■ **Your assignment**:
Take the listing below and write it out again exactly, skipping any picture that it holds.

■ **Raw data**:
------------------------------------
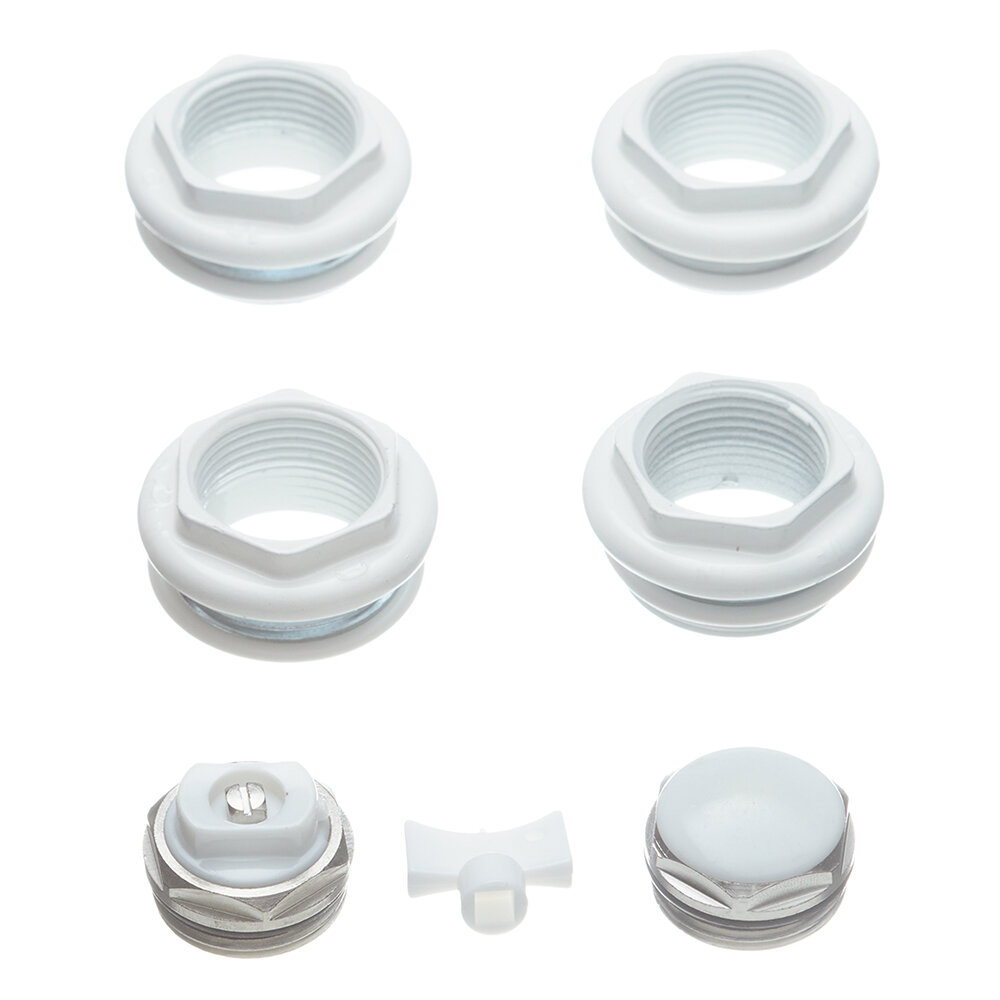 Комплектация: 4 переходника 3/4, для левого или правого подключения с силиконовыми прокладками, 1 воздухоотводчик (клапан маевского), заглушка.
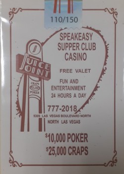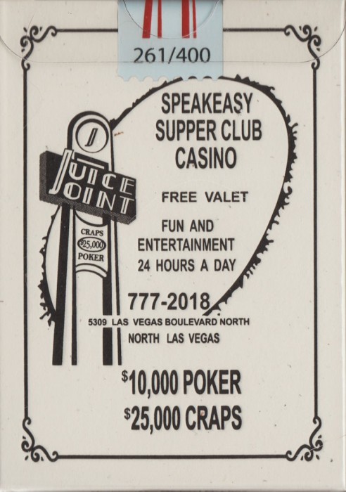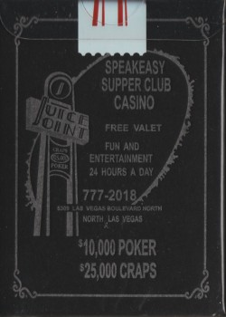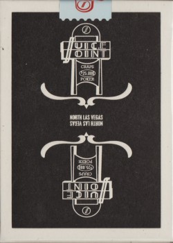 From Doc's Playing Cards, Juice Joint playing card pays homage to a rare 1970’s version of a deck of Silver Nugget playing cards. This deck was originally printed on the same stock and with the same finish as the famous Jerry’s Nugget deck of the 1970’s. However, unlike Jerry’s Nugget, the Silver Nugget decks were never sold in gift shops and are very rarely found unopened.
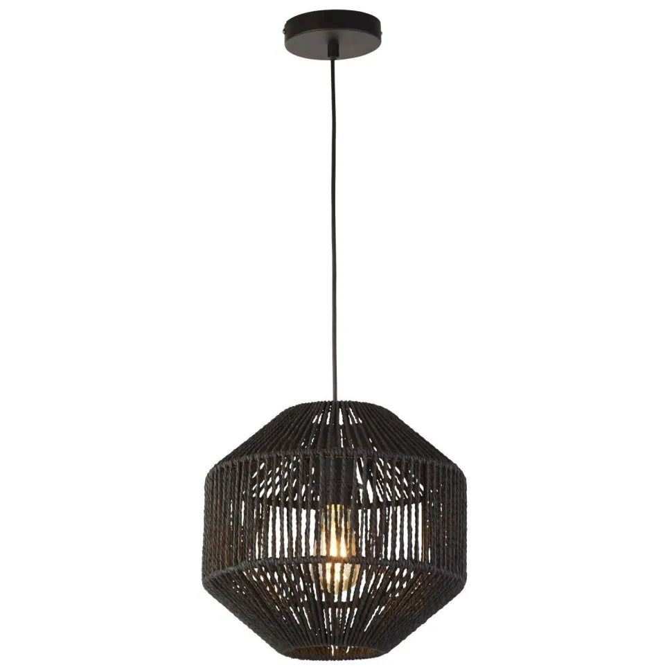 Dekorative Pendelleuchte mit kunstvollem Lampenschirm aus schwarzem Seil
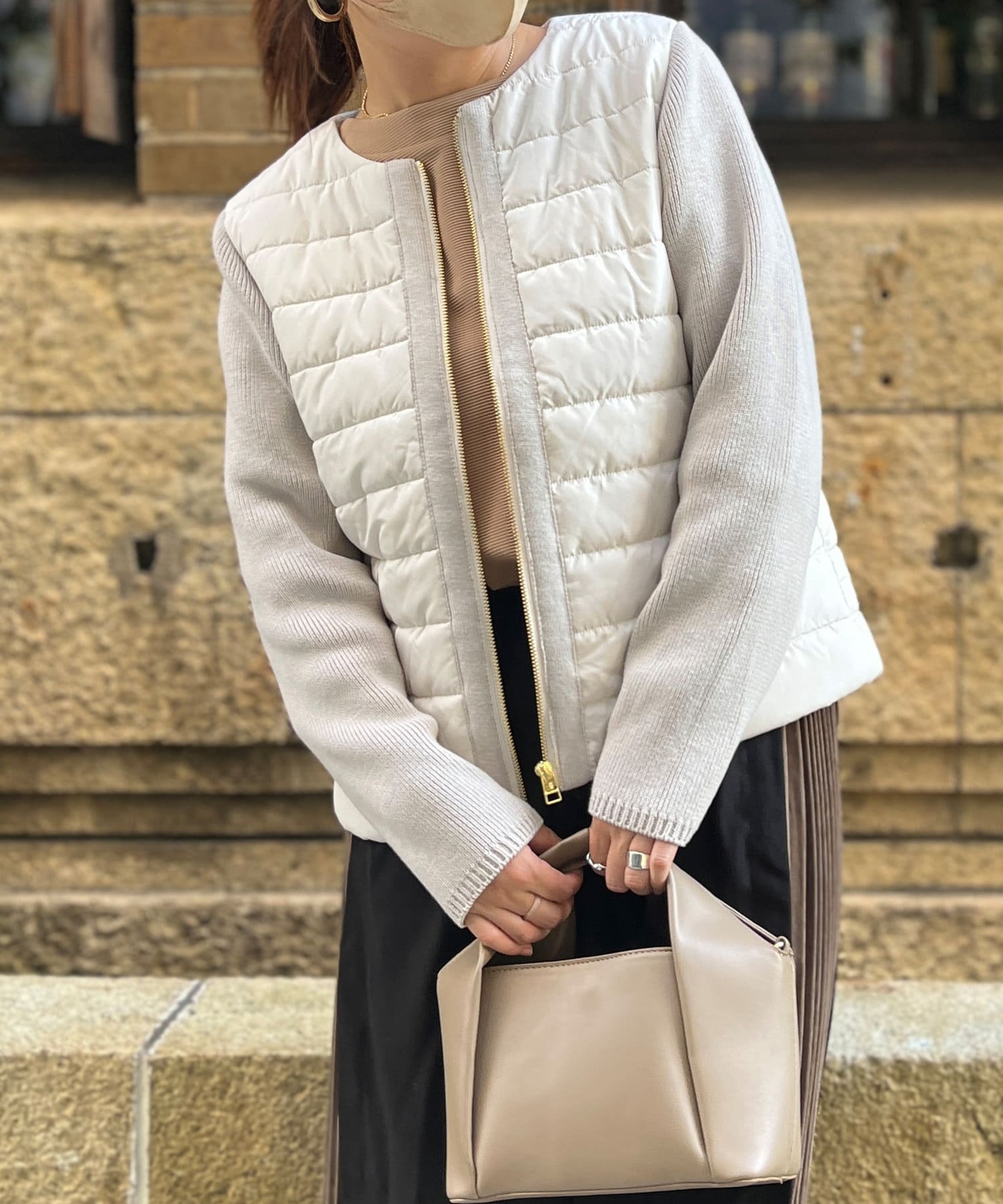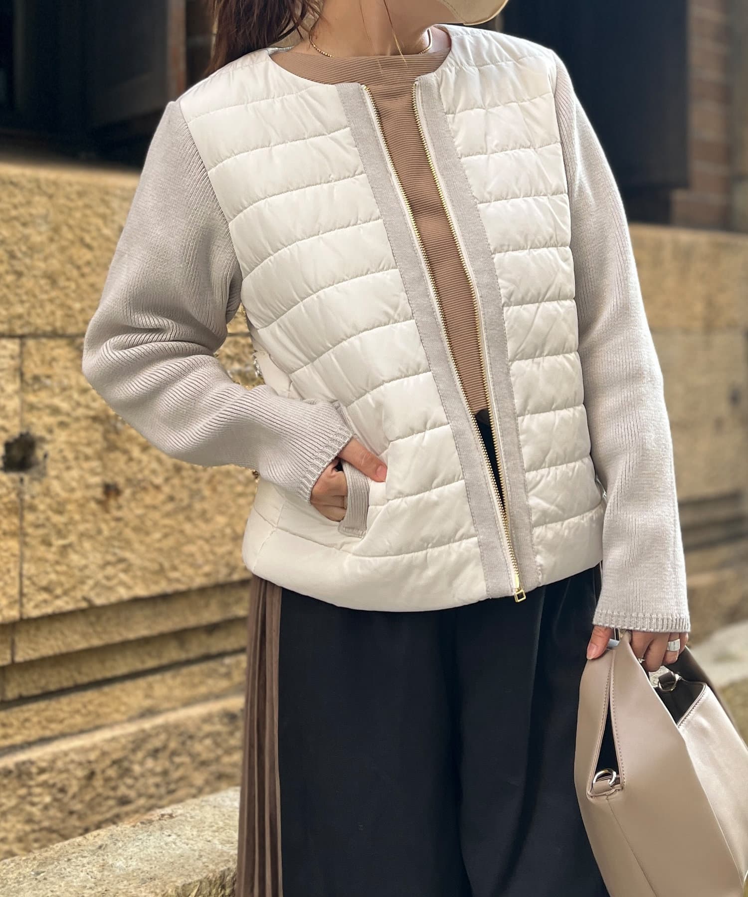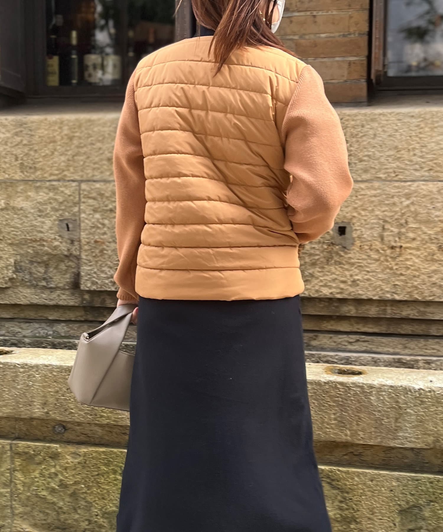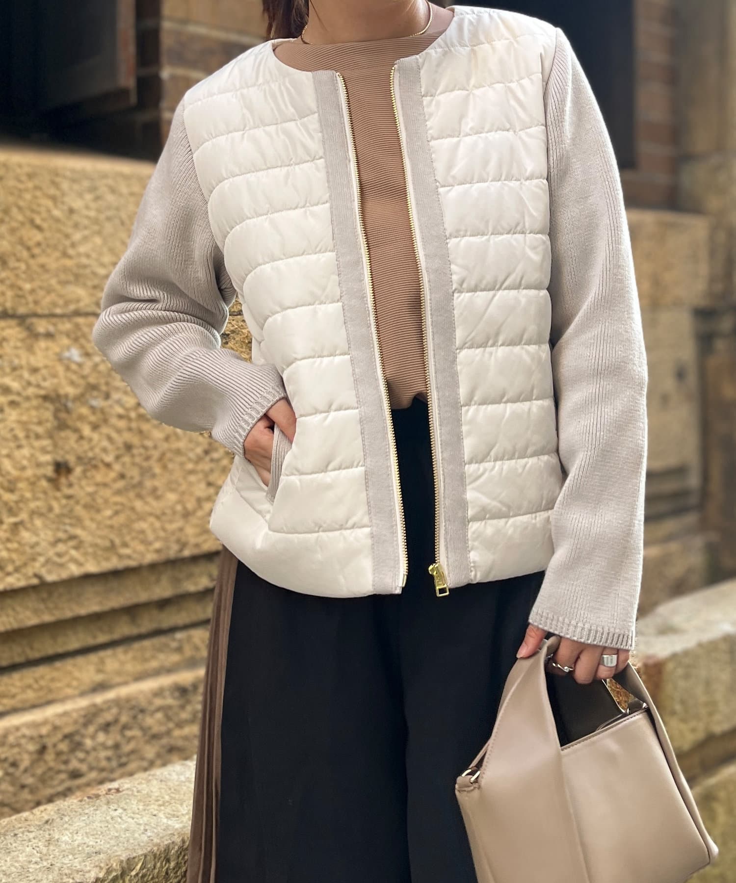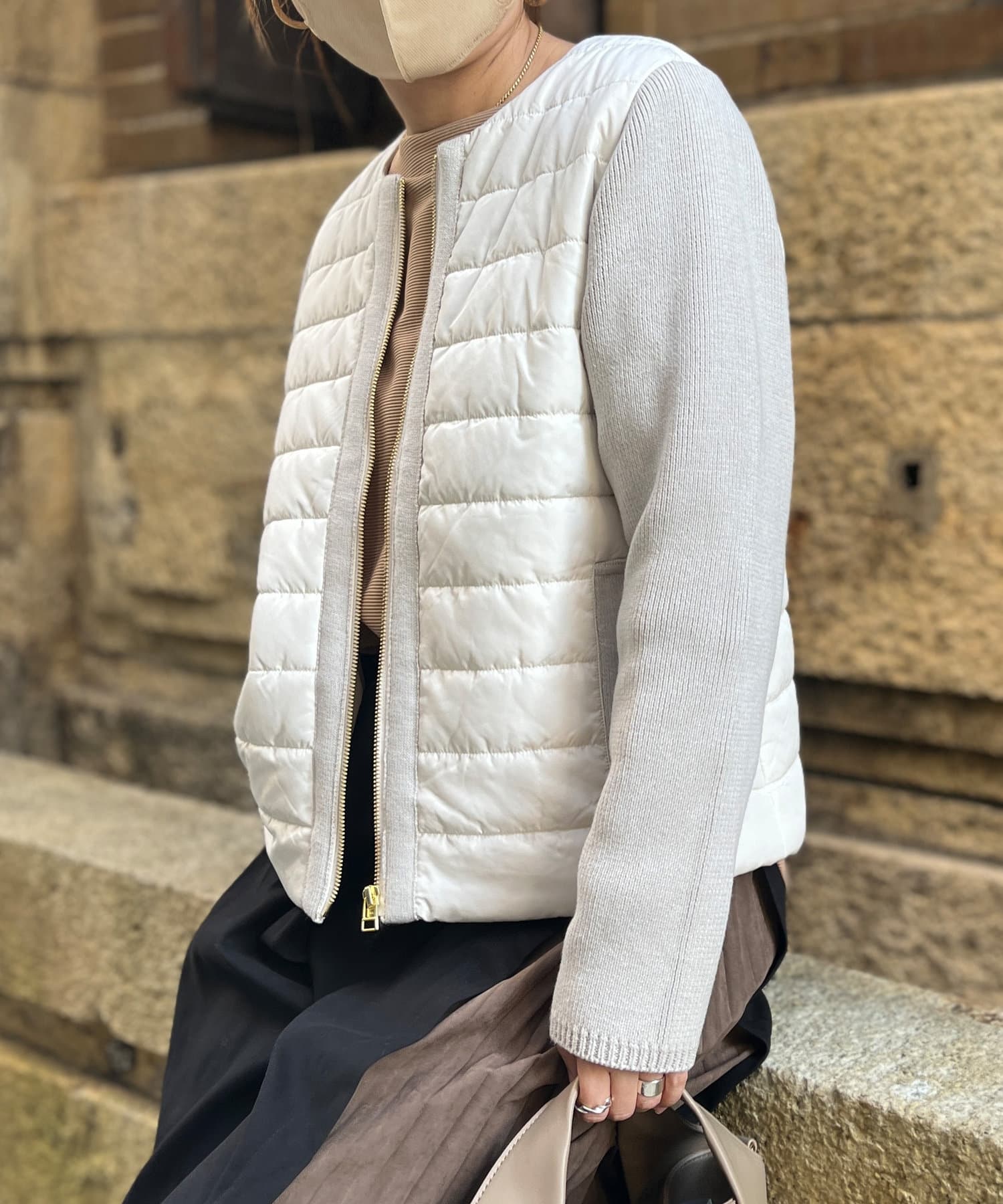 中わたのキルティングとニットの異素材ドッキングジャケットです。
------------------------------------
■ **Finished task**:
 Комплектация: 4 переходника 3/4, для левого или правого подключения с силиконовыми прокладками, 1 воздухоотводчик (клапан маевского), заглушка.
 From Doc's Playing Cards, Juice Joint playing card pays homage to a rare 1970’s version of a deck of Silver Nugget playing cards. This deck was originally printed on the same stock and with the same finish as the famous Jerry’s Nugget deck of the 1970’s. However, unlike Jerry’s Nugget, the Silver Nugget decks were never sold in gift shops and are very rarely found unopened.
 Dekorative Pendelleuchte mit kunstvollem Lampenschirm aus schwarzem Seil
 中わたのキルティングとニットの異素材ドッキングジャケットです。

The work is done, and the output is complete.